Given information →
※
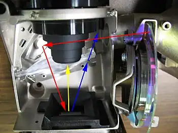 | Interior view of a single-chip DLP projector, showing the light path. Light from the lamp enters a reverse-fisheye, passes through the spinning color wheel, crosses underneath the main lens, reflects off a front-surfaced mirror, and is spread onto the DMD (red arrows). From there, light either enters the lens (yellow) or is reflected off the top cover down into a light-sink (blue arrows) to absorb unneeded light. Top row shows overall components, closeups of 4-segment RGBW color wheel, and light-sink diffuser/reflection plate on top cover. | |||
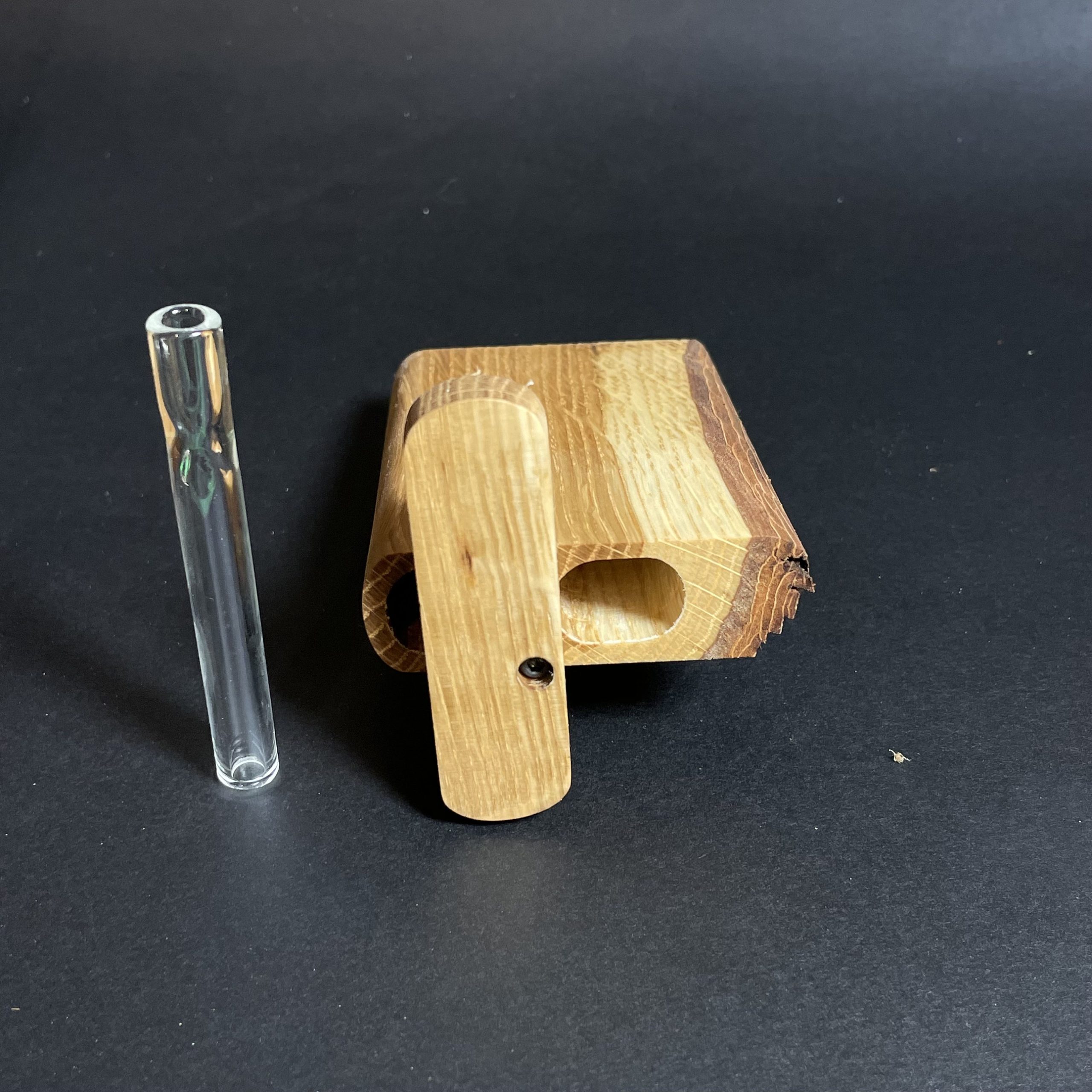 Live Edge Oak – FutoStash X #3741 – One Hitter Box – Dugout – 9mm Glass One Hitter
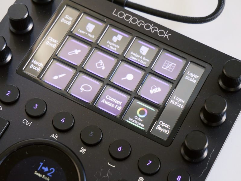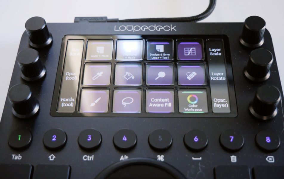 Das zentrale Element des Loupedeck CT ist der große Block aus OLED-Tasten, die flexibel über die Software angepasst werden können. Je nach Software und eigenem Gusto können sie mit verschiedenen Funktionen belegt werden. Zudem ist es möglich, verschiedene Sets – „Workspaces“ genannt – zu hinterlegen, die über die Tasten 1-8 in der Reihe unter dem Display aufgerufen werden können. Für das Composing oder die Retusche kann so das Handling angepasst werden. Die Betätigung einer Display-Taste wird mit einem sehr lauten Vibrieren quittiert.
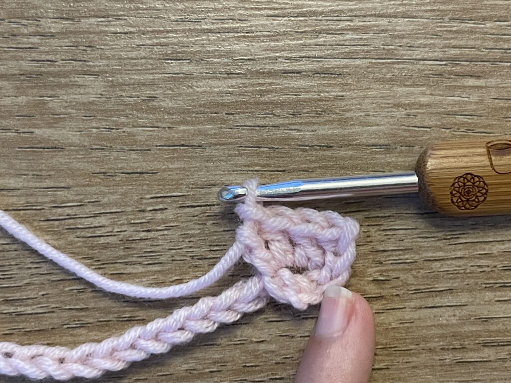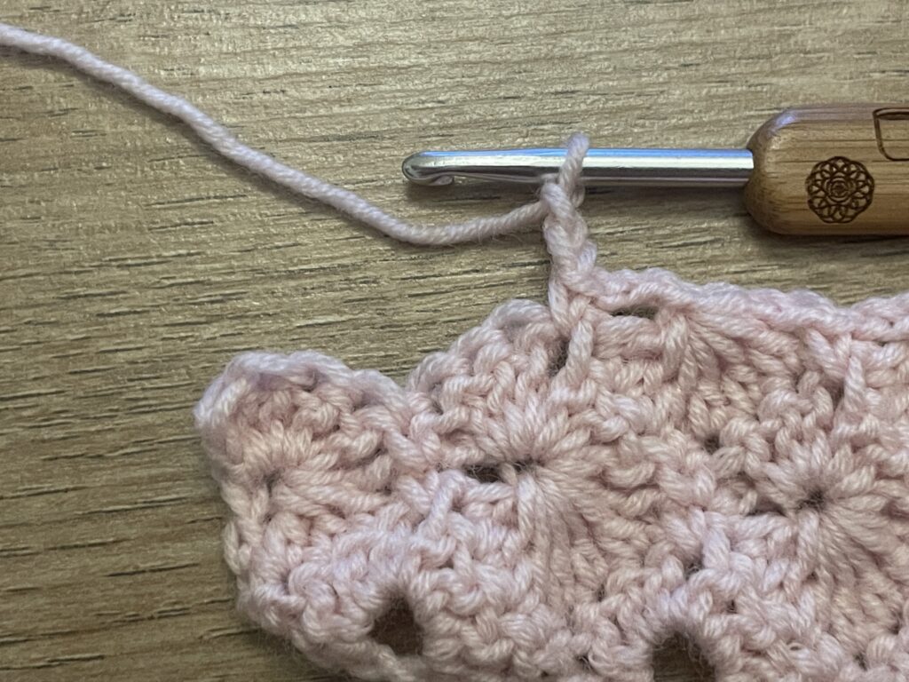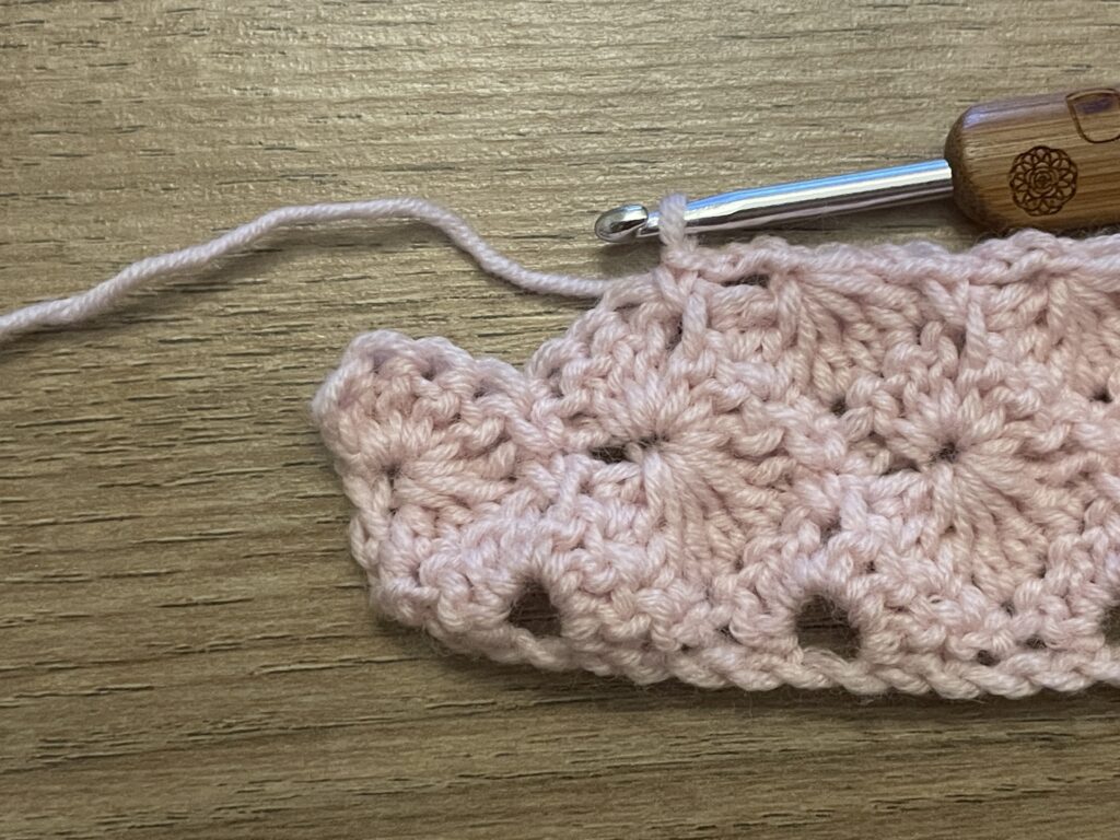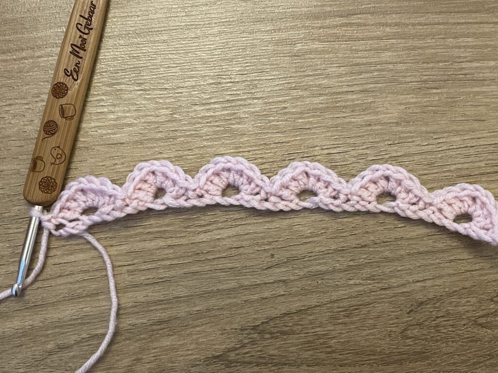 Toer 1: Haak een lossenketting die deelbaar is door 6 + 1 losse. Vaste in de 2e losse vanaf de haaknaald, *sla 2 lossen over, (3 stokjes, losse, 3 stokjes) in de volgende losse, sla 2 lossen over, vaste in de volgende losse* Herhaal * tot * tot einde toer.
※
Exercise requirements → Only the lines from the one containing "Das zentrale Element" through the last line of the data belong in the copy, both included and reproduced exactly. Pictures do not.

Task response →
 Das zentrale Element des Loupedeck CT ist der große Block aus OLED-Tasten, die flexibel über die Software angepasst werden können. Je nach Software und eigenem Gusto können sie mit verschiedenen Funktionen belegt werden. Zudem ist es möglich, verschiedene Sets – „Workspaces“ genannt – zu hinterlegen, die über die Tasten 1-8 in der Reihe unter dem Display aufgerufen werden können. Für das Composing oder die Retusche kann so das Handling angepasst werden. Die Betätigung einer Display-Taste wird mit einem sehr lauten Vibrieren quittiert.
 Toer 1: Haak een lossenketting die deelbaar is door 6 + 1 losse. Vaste in de 2e losse vanaf de haaknaald, *sla 2 lossen over, (3 stokjes, losse, 3 stokjes) in de volgende losse, sla 2 lossen over, vaste in de volgende losse* Herhaal * tot * tot einde toer.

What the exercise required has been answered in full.